Она сдержала слово, и два долгих месяца провел Исидор между жаждой и упоением. Конечно, это были только письма преданной ученицы, конечно, она писала только о своих книгах и своих сомнениях, но в конце всегда стояло словечко о здоровьи или о морской прогулке, или о погоде, или о ветке дерева, просовывающейся в окно. И, наконец, в самом конце всегда — «Твоя Гипатия».

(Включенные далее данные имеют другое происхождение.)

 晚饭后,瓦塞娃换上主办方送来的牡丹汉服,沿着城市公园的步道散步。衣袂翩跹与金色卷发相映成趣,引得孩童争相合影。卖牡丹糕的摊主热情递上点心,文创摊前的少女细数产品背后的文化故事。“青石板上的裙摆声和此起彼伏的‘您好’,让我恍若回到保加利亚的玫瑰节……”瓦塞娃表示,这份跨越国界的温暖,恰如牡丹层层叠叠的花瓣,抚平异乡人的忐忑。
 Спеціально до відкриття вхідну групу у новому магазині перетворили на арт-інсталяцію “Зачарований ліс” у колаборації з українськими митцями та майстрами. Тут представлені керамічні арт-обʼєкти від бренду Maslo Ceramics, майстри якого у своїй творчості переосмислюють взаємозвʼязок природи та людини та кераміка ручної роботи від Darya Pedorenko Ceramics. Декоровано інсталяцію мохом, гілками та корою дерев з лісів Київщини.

Еще раз дошел Исидор до начала пустыни в вечер возвращения Гипатии. Но теперь он остерегался и оставался в уединенном трактирчике, не спал и до восхода солнца поспешил на улицу, где должна была проезжать Гипатия. И он не прозевал, когда она проезжала! В открытой, дорожной коляске, которую тащили два маленьких вола, сидела она рядом с отцом — высокая, прекрасная, настоящая женщина. Исидор прижал голову к деревянному столбу и рыдал, и бормотал отрывки стихов, и ломал пальцы. Затем повозка проехала. Исидор позвал маленького черного погонщика, уселся на осла, болтая длинными ногами, схватил его за уши и погнал так неловко, что и хозяин и хозяйка разразились смехом, а черно-коричневый погонщик, бежавший сзади в облаках уличной пыли, кувыркался и кривлялся, чтобы превозмочь свою веселость. Потом понеслись галопом по боковым дорогам обратно в город. Мальчишка бежал рядом с ослом и, когда они въехали на главную улицу, он сделал еще два прыжка и продолжал смеяться. Исидор свалился с осла и поспешил в Академию, чтобы встретить свою ученицу.

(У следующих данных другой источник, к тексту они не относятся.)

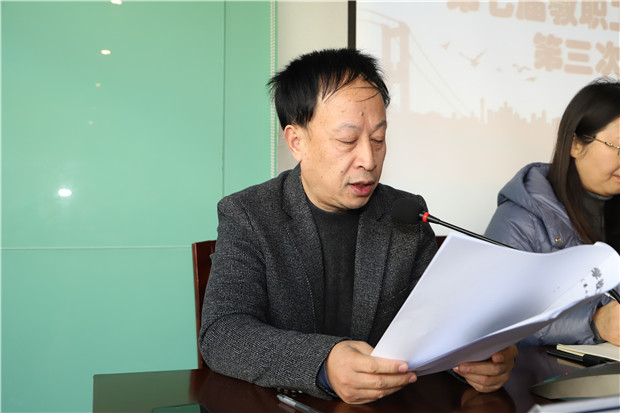 大会第四项,徐建峰同志作《代表提案解答报告》,对所有代表的提案作出了一一答复。并表示这些提案是老师们关心学校建设和发展的重要表现,承载着老师们对学校的关爱和期望,也是老师们智慧的结晶。
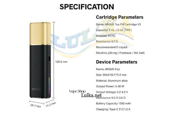 Сумісні також картриджі попереднього покоління ARGUS Top Fill. Стартовий набір Voopoo Argus Klyc дає простий вибір під ваш стиль і улюблену рідину.
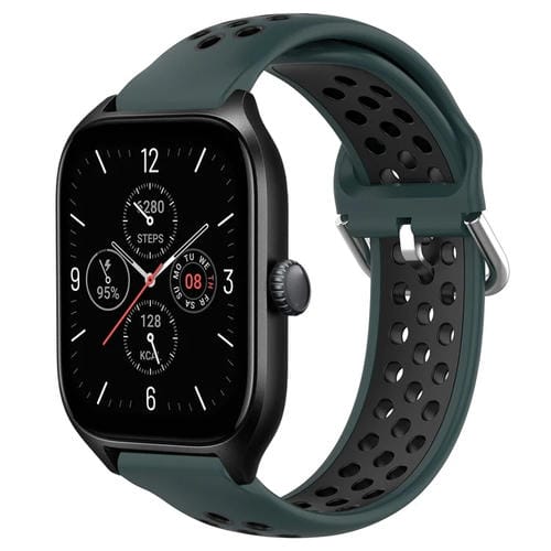 Correa de Reloj Amazfit GTS 4 20mm Silicona Deportiva Transpirable Perforada (Verde Oliva + Negro)
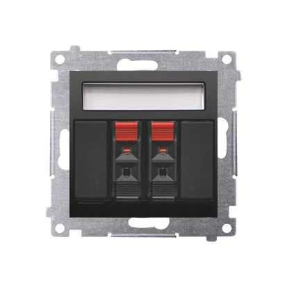Gniazdo głośnikowe 2-krotne z polem opisowym (moduł). Przekrój przewodów dla wejścia i wyjścia 2,5 mm2, czarny mat Simon54 o numerze katalogowym DGL32.01/49 w kategorii Gniazda głośnikowe, Łączniki i gniazda instalacyjne. Produkt wyprodukowany przez markę KONTAKT-SIMON, seria SIMON 54.

С севера летели над городом длинные цепи аистов из-за моря, из Греции, а, быть может, и дальше из баснословных ледяных дунайских равнин. С запада же медленно и тяжело, несомая ударами серо-белых крыльев летела птица-философ и в широкой улыбке раскрыла клюв, заметив молодого ученого. Внизу загрохотала повозка; из нее вылез Теон со своей дочерью. Было счастьем, что Исидор уже превозмог утром первое впечатление и мог приветствовать возвратившихся относительно покойно. Гипатия встретила его приветливо и серьезно, как благовоспитанная молодая девушка, и прошла в академические помещения, которые она покидала в первый и — по ее словам — в последний раз. Теон нерешительно пожал руку Исидору. Когда феллашка взяла багаж и заплатила вознице — дело, за которым Теон следил так внимательно, как будто хотел научиться чему-нибудь новому — Теон повел учителя дочери в большую залу и некоторое время ходил молча взад и вперед. Должно быть, он разговаривал сам с собой, так как внезапно сказал, начав с полуслова:
— Итак, я был совершенно поражен, едва мог поверить, что моя дочь обладала столькими знаниями, гораздо больше, чем обычно у женщин; как кажется, — почти Аспазия; при этом я обнаруживал эти знания всегда только случайно, когда она помогала мне в моей летней работе. Очевидно, она знает гораздо больше, чем показала мне. Итак я был приятнейшим образом поражен, молодой друг. И все исполнится согласно нашему уговору.
— Какому уговору?
— Ах, да! Я полагаю, что Гипатия еще около года — может быть, до следующей весны, останется вашей ученицей, а затем, — да, я действительно не знаю, что нужно будет делать дальше с Гипатидионом. Но вы, мой молодой друг, вы достигнете возраста, в котором мы можем включить вас в состав учителей нашей Академии. Со связями, которые вы еще с детских лет имеете в Константинополе, ваше назначение несомненно и вы сможете тогда — я полагаю… — мне нужно, однако, достать Птоломея! Целый месяц я ломаю голову, чтобы понять смысл одного глупого места!